INFORMATION SUPPLIED:

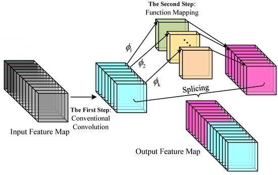 After the original feature map is generated, in order for it to be the same as the ordinary convolution, we need to obtain another m feature maps. Next, we carry out the second step, through cheap linear or non-linear calculations: mapping to generate the remaining half of the feature map, Figure 7. and represent the second step of the intrinsic feature mapping module. We use a series of cheap linear or non-linear operations on each original feature in . In theory, each original feature can be mapped to generate s new feature maps:
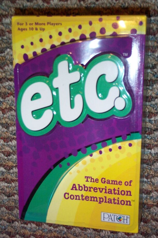 etc. : The Game of Abbreviation The reader will give you a letter combination... like DH, and a clue. It is up to you to solve the clue, and if you do, you get the points, which are scattered across the table. For example, if the letter combination is "DH", the clues read might be: 1. A miniature dwelling for toy people (Doll house) 2. He bats but doesn't...
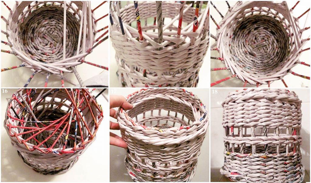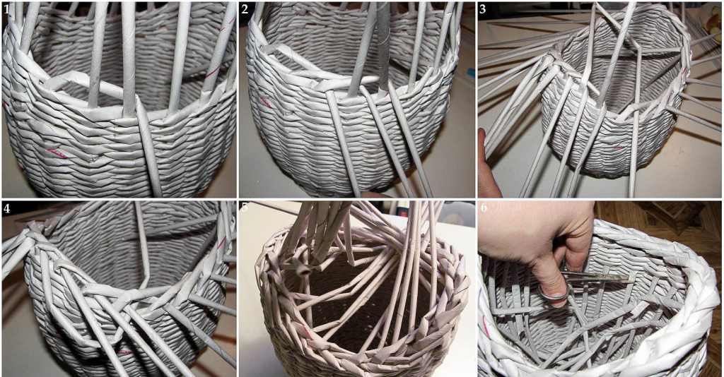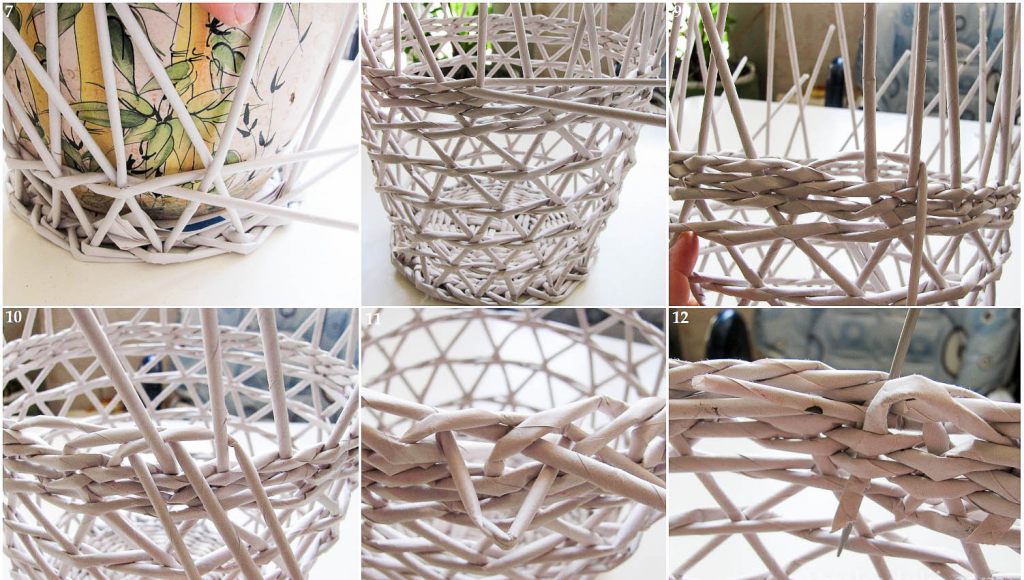 Разберём плетение из газетных трубочек пошагово.
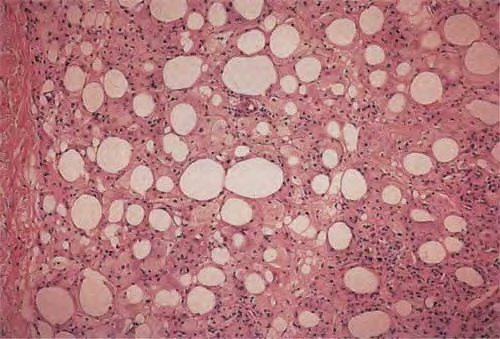 has depressed and indurated clinical lesions. Fibroblasts, collagen, and scattered lymphocytes and a few plasma cells replace the fat. Vascular changes are mild  .
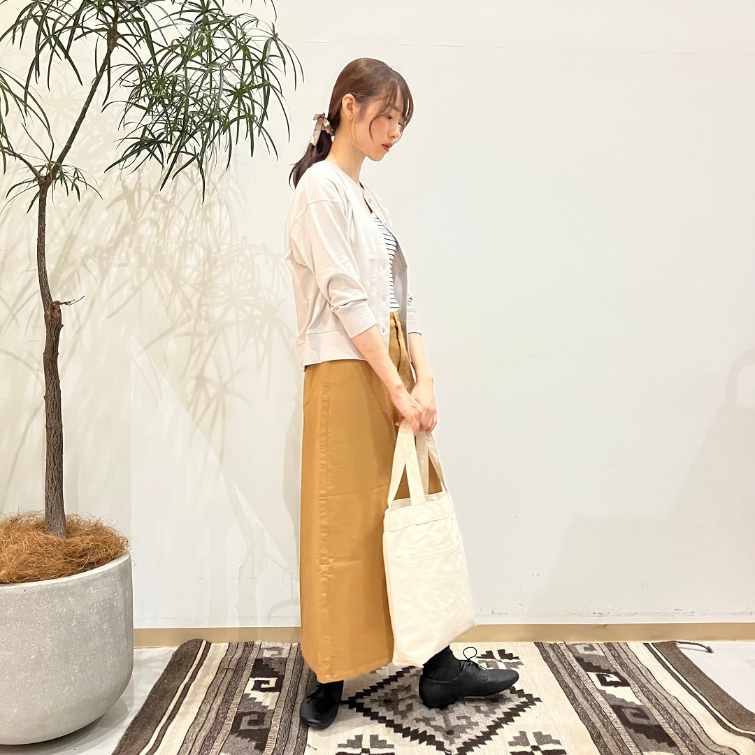たっぷりの丈でAラインが美しいスカートは、コーディネートの幅も広がりそうですね。
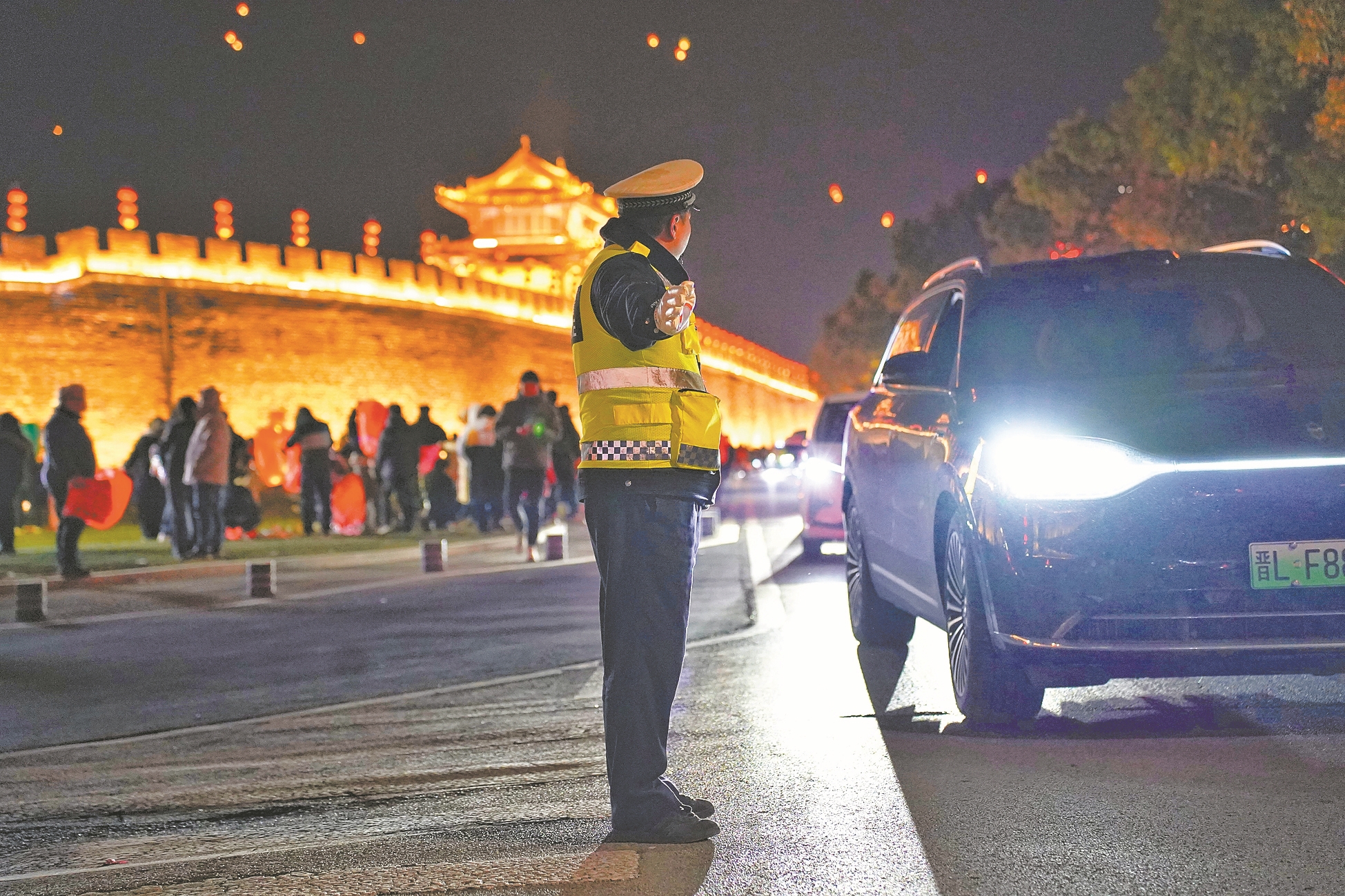 人流中,市公安局交管支队交警一大队大队长朱敏,正带着年轻民警张贯毅值守在古城核心路段。师徒二人并肩疏导交通、服务群众,守护着古城的平安与畅通。
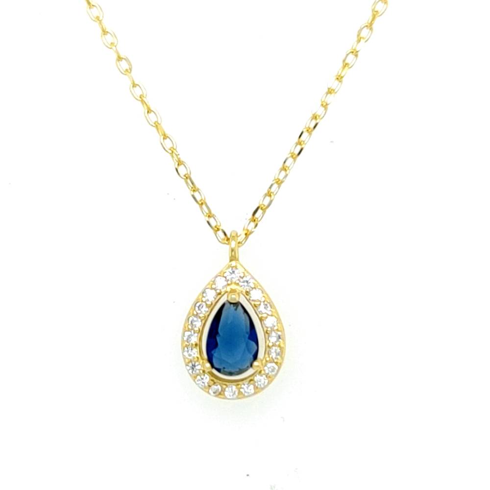 Κολιέ γυναικείο ροζέτα με μπλε ζιργκόν, επιχρυσωμένο ασήμι (925°)
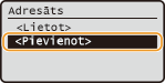 Atkārtojiet 10. un 11. darbību, līdz ir reģistrēti visi vajadzīgie adresāti, izvēlieties <Lietot> un pēc tam nospiediet

TASK TO CARRY OUT:
Give the records back verbatim, pictures excluded.

TASK OUTPUT:
 After the original feature map is generated, in order for it to be the same as the ordinary convolution, we need to obtain another m feature maps. Next, we carry out the second step, through cheap linear or non-linear calculations: mapping to generate the remaining half of the feature map, Figure 7. and represent the second step of the intrinsic feature mapping module. We use a series of cheap linear or non-linear operations on each original feature in . In theory, each original feature can be mapped to generate s new feature maps:
 etc. : The Game of Abbreviation The reader will give you a letter combination... like DH, and a clue. It is up to you to solve the clue, and if you do, you get the points, which are scattered across the table. For example, if the letter combination is "DH", the clues read might be: 1. A miniature dwelling for toy people (Doll house) 2. He bats but doesn't...
 Разберём плетение из газетных трубочек пошагово.
 has depressed and indurated clinical lesions. Fibroblasts, collagen, and scattered lymphocytes and a few plasma cells replace the fat. Vascular changes are mild  .
たっぷりの丈でAラインが美しいスカートは、コーディネートの幅も広がりそうですね。
 人流中,市公安局交管支队交警一大队大队长朱敏,正带着年轻民警张贯毅值守在古城核心路段。师徒二人并肩疏导交通、服务群众,守护着古城的平安与畅通。
 Κολιέ γυναικείο ροζέτα με μπλε ζιργκόν, επιχρυσωμένο ασήμι (925°)
 Atkārtojiet 10. un 11. darbību, līdz ir reģistrēti visi vajadzīgie adresāti, izvēlieties <Lietot> un pēc tam nospiediet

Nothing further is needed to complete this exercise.